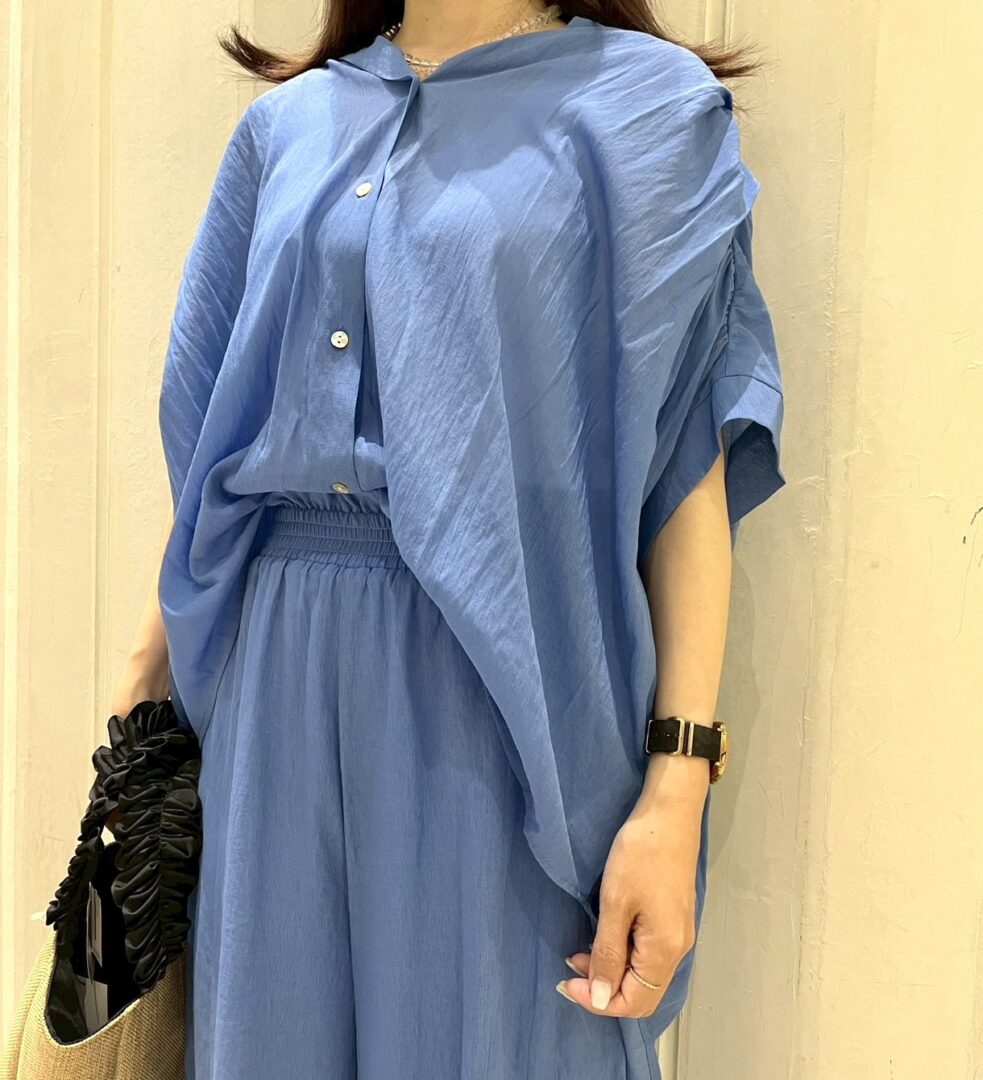 夏に向けて、生地もデザインも涼しく着れるセットアップコーデが入荷いたしました。
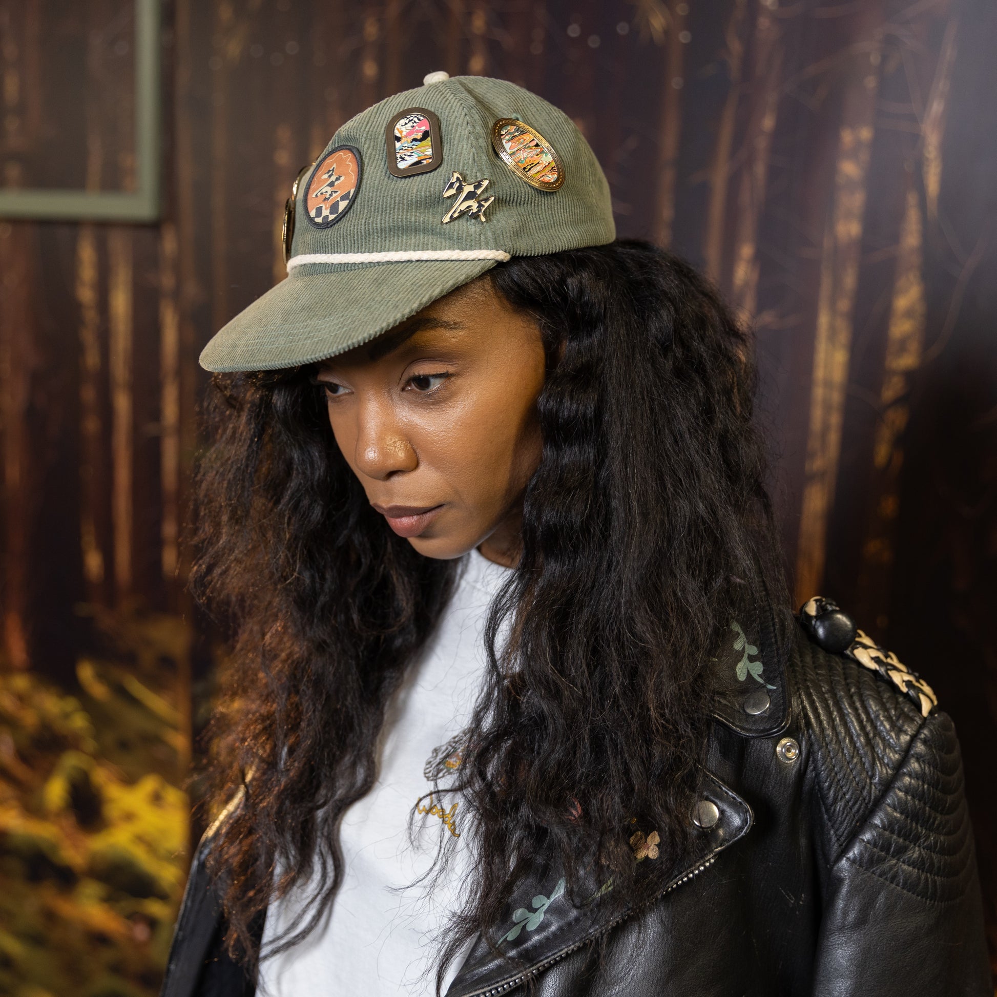 Get lost in the Green Cord Explorer's Hat. Each hat features custom two-tone snaps, hand sculpted brims, contrasting rope and button, and block printed tags from hand-carved stamps.
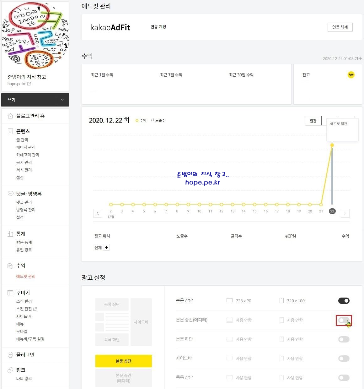 | 티스토리 수익 - 애드핏 본문 중간 광고(에디터) 설정 (0) | 2020.12.25 |
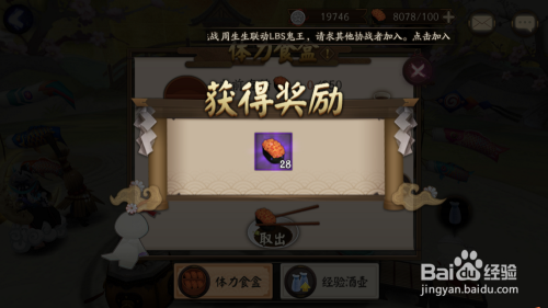 再接着我们收取小酒瓶图标,也就是溢出来的经验,所收取的经验就会全数加在今朝你置放在本身结界里的式神身上了。
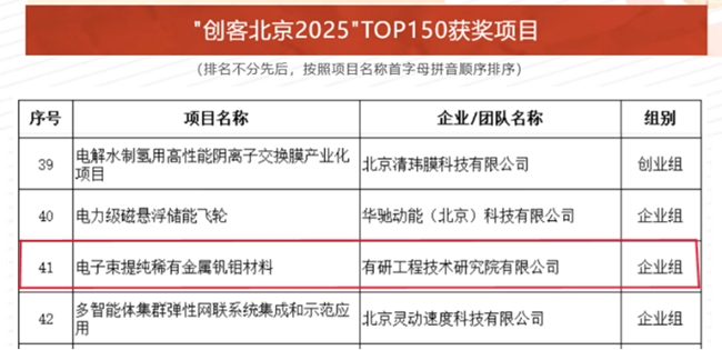 近日,在第十届“创客中国”北京市中小企业创新创业大赛暨“创客北京2025”创新创业大赛中,有研工研院特种加工技术与装备事业部研发团队申报的“电子束提纯稀有金属钒钼材料”项目,历经初赛、复赛、决赛多轮激烈角逐,从全市6098个参赛项目中脱颖而出,成功跻身大赛TOP150榜单。
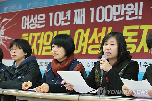 △ 지난 5일 오전 서울 정동 민주노총에서 열린 '최저임금 여성노동자 증언 기자회견'에서 이현숙 공공운수노조 전국교육공무직본부 경기지부 급식분과장(마이크 든 이)이 발언하고 있다.
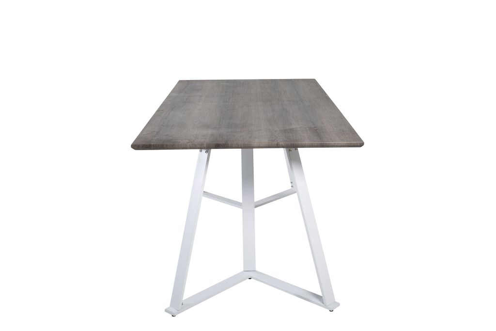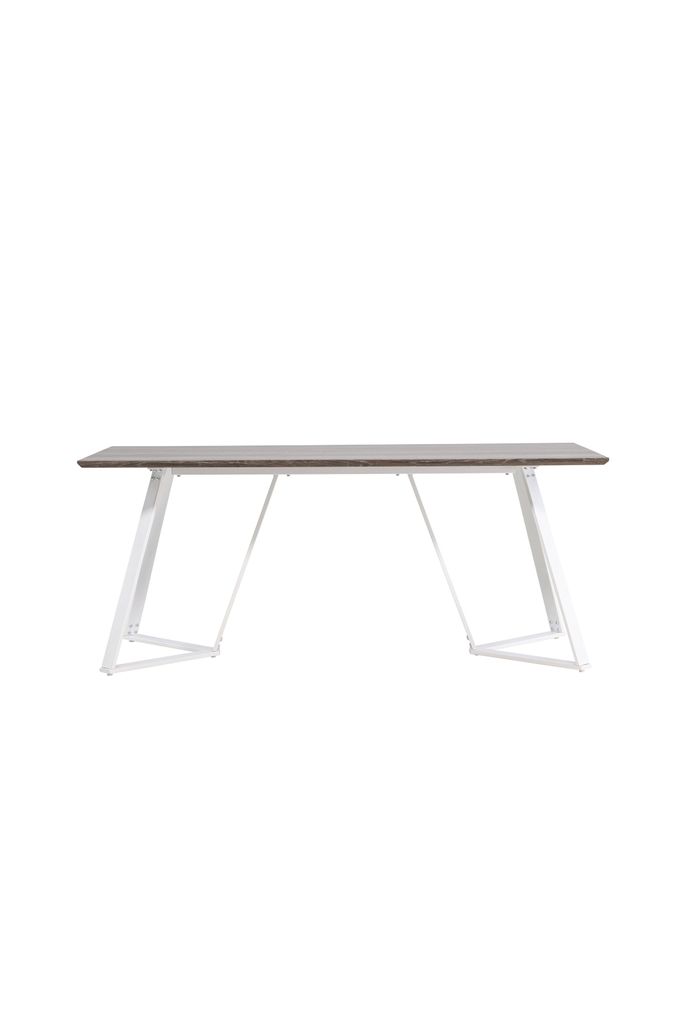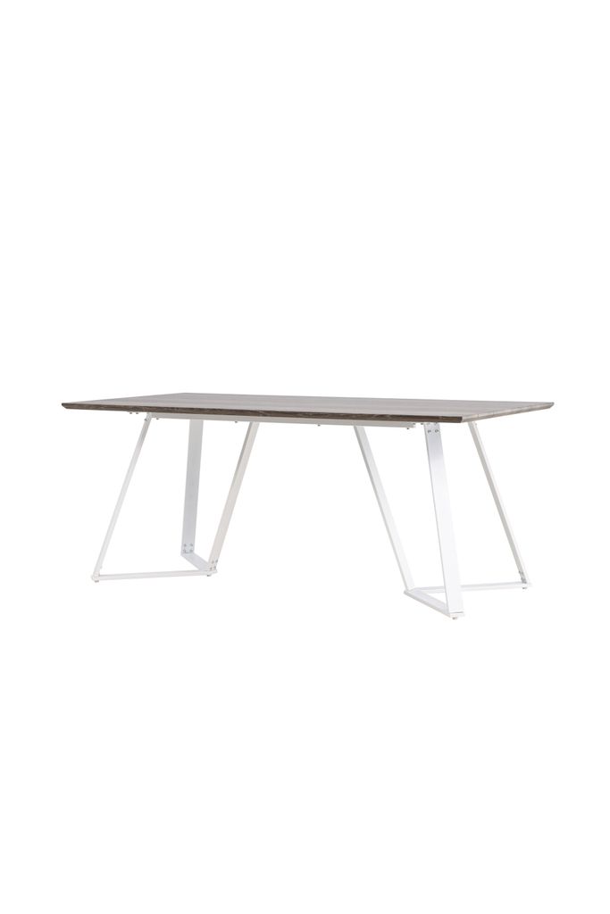 Stilrent matbord med MDF-skiva i jordnära kulör och vita metallben. Perfekt för att skapa en personlig inredning.

____________________

Restate the entries above word for word, and keep the pictures out.

» **Written answer**:
 夏に向けて、生地もデザインも涼しく着れるセットアップコーデが入荷いたしました。
 Get lost in the Green Cord Explorer's Hat. Each hat features custom two-tone snaps, hand sculpted brims, contrasting rope and button, and block printed tags from hand-carved stamps.
 | 티스토리 수익 - 애드핏 본문 중간 광고(에디터) 설정 (0) | 2020.12.25 |
 再接着我们收取小酒瓶图标,也就是溢出来的经验,所收取的经验就会全数加在今朝你置放在本身结界里的式神身上了。
 近日,在第十届“创客中国”北京市中小企业创新创业大赛暨“创客北京2025”创新创业大赛中,有研工研院特种加工技术与装备事业部研发团队申报的“电子束提纯稀有金属钒钼材料”项目,历经初赛、复赛、决赛多轮激烈角逐,从全市6098个参赛项目中脱颖而出,成功跻身大赛TOP150榜单。
 △ 지난 5일 오전 서울 정동 민주노총에서 열린 '최저임금 여성노동자 증언 기자회견'에서 이현숙 공공운수노조 전국교육공무직본부 경기지부 급식분과장(마이크 든 이)이 발언하고 있다.
 Stilrent matbord med MDF-skiva i jordnära kulör och vita metallben. Perfekt för att skapa en personlig inredning.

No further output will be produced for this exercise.